> [THE TASK]
Your copy of the entries below should hold exactly the lines from the one containing "フェミニンなイメージですが、" to the one containing "Stainless steel horizontal", inclusive, and no pictures.

> [DATASET RECORDS]

Segment Open

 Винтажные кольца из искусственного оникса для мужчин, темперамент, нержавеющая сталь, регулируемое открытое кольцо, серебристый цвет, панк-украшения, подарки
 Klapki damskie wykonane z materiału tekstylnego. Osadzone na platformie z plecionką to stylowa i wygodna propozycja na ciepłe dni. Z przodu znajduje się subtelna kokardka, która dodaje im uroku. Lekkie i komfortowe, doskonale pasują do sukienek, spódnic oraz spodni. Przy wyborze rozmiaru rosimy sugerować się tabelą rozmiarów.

Segment Closed
Segment Open

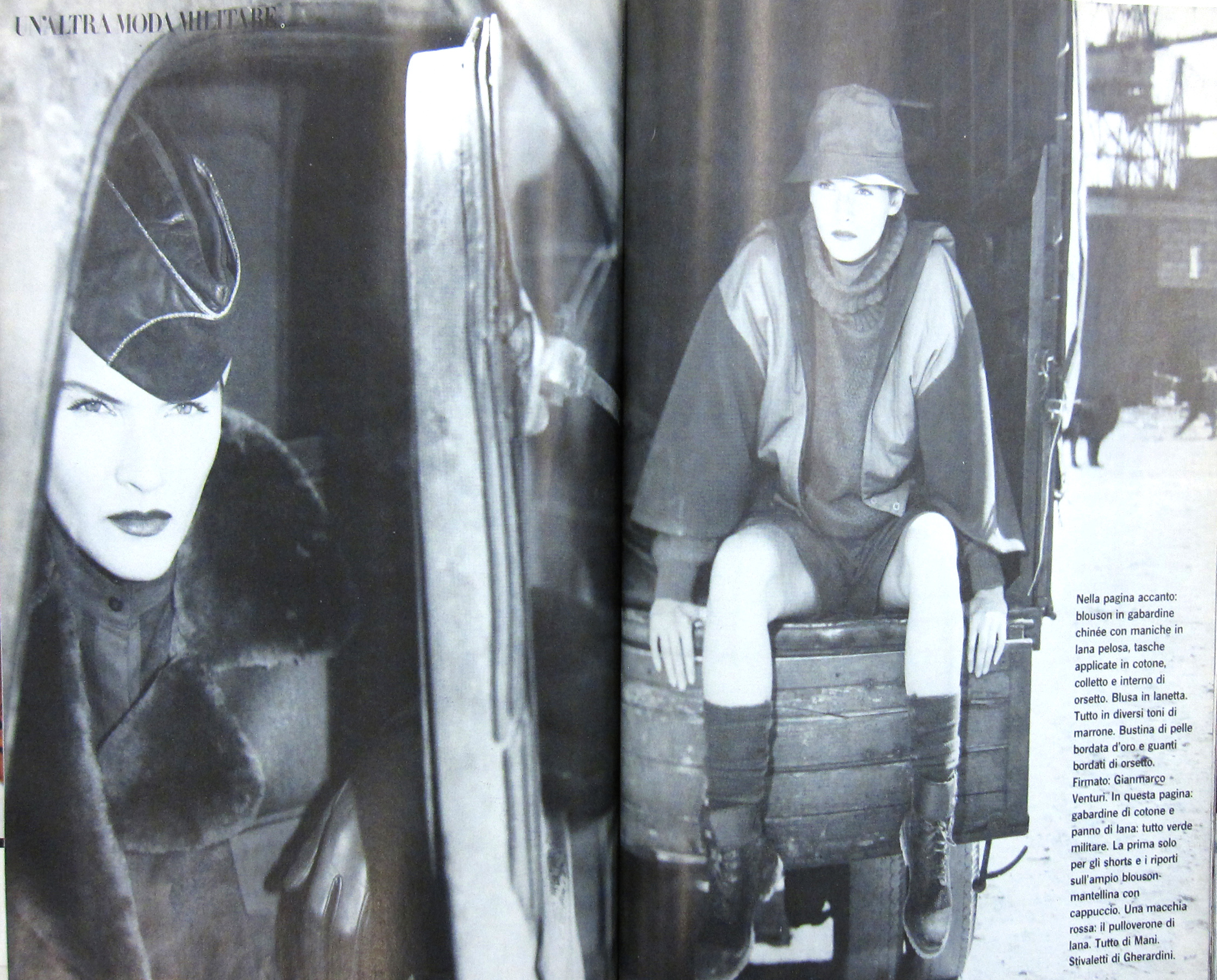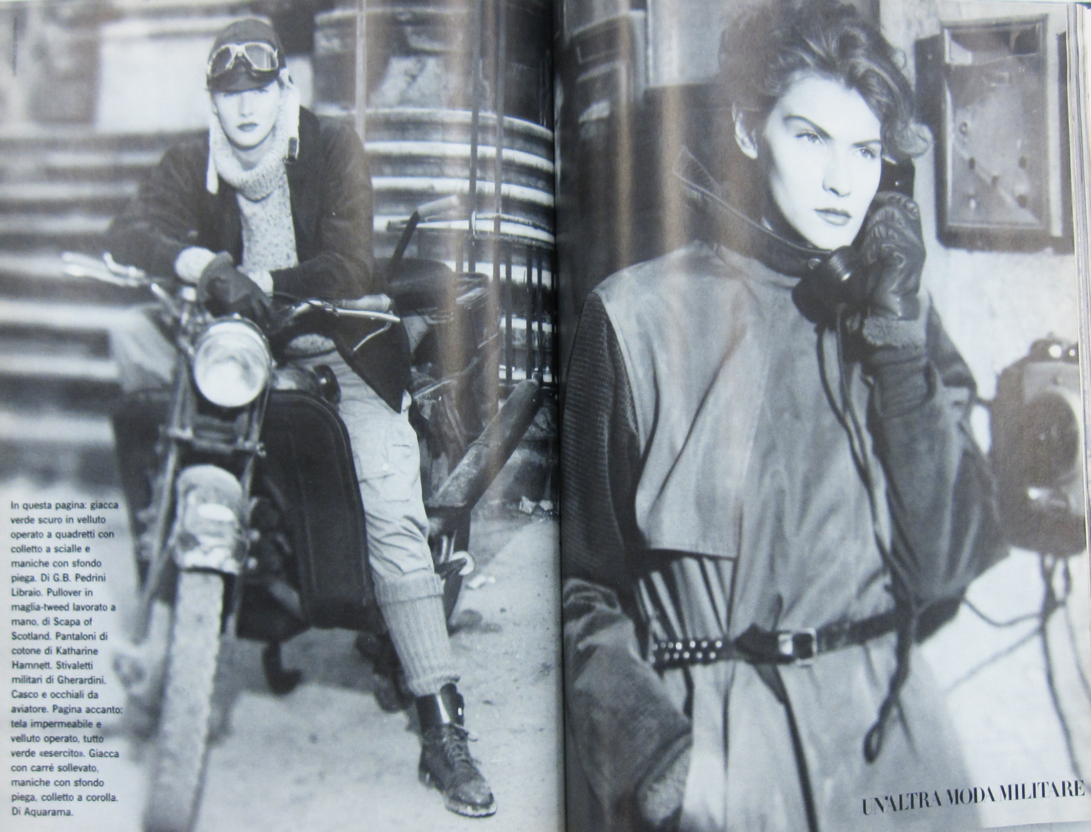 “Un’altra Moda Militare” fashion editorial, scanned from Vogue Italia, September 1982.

Segment Closed
Segment Open

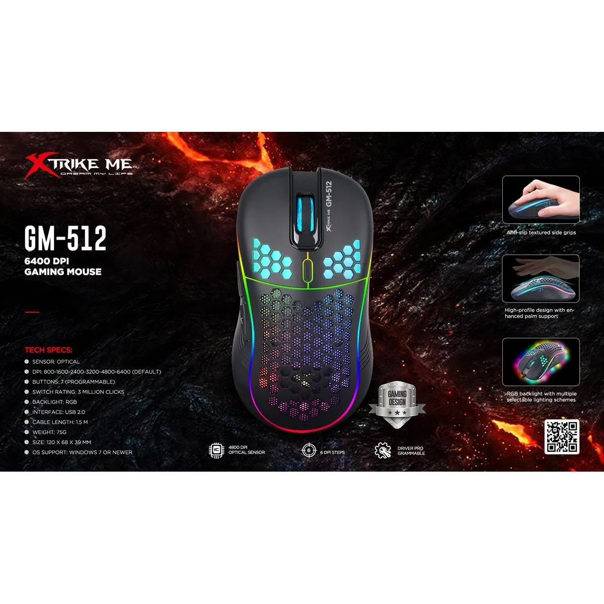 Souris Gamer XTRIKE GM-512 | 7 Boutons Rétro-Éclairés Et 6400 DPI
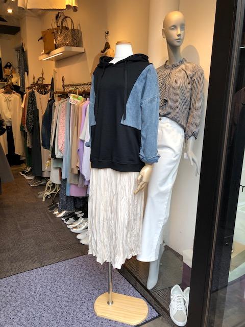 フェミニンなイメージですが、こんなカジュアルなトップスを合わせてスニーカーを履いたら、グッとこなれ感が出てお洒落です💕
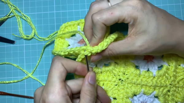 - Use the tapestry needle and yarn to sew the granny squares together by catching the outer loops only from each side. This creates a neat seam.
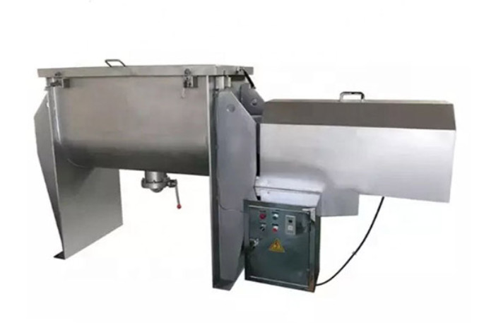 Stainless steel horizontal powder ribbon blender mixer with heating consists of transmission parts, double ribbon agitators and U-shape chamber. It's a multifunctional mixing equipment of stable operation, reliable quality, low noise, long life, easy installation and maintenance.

Segment Closed

> [TASK RESPONSE]
 フェミニンなイメージですが、こんなカジュアルなトップスを合わせてスニーカーを履いたら、グッとこなれ感が出てお洒落です💕
 - Use the tapestry needle and yarn to sew the granny squares together by catching the outer loops only from each side. This creates a neat seam.
 Stainless steel horizontal powder ribbon blender mixer with heating consists of transmission parts, double ribbon agitators and U-shape chamber. It's a multifunctional mixing equipment of stable operation, reliable quality, low noise, long life, easy installation and maintenance.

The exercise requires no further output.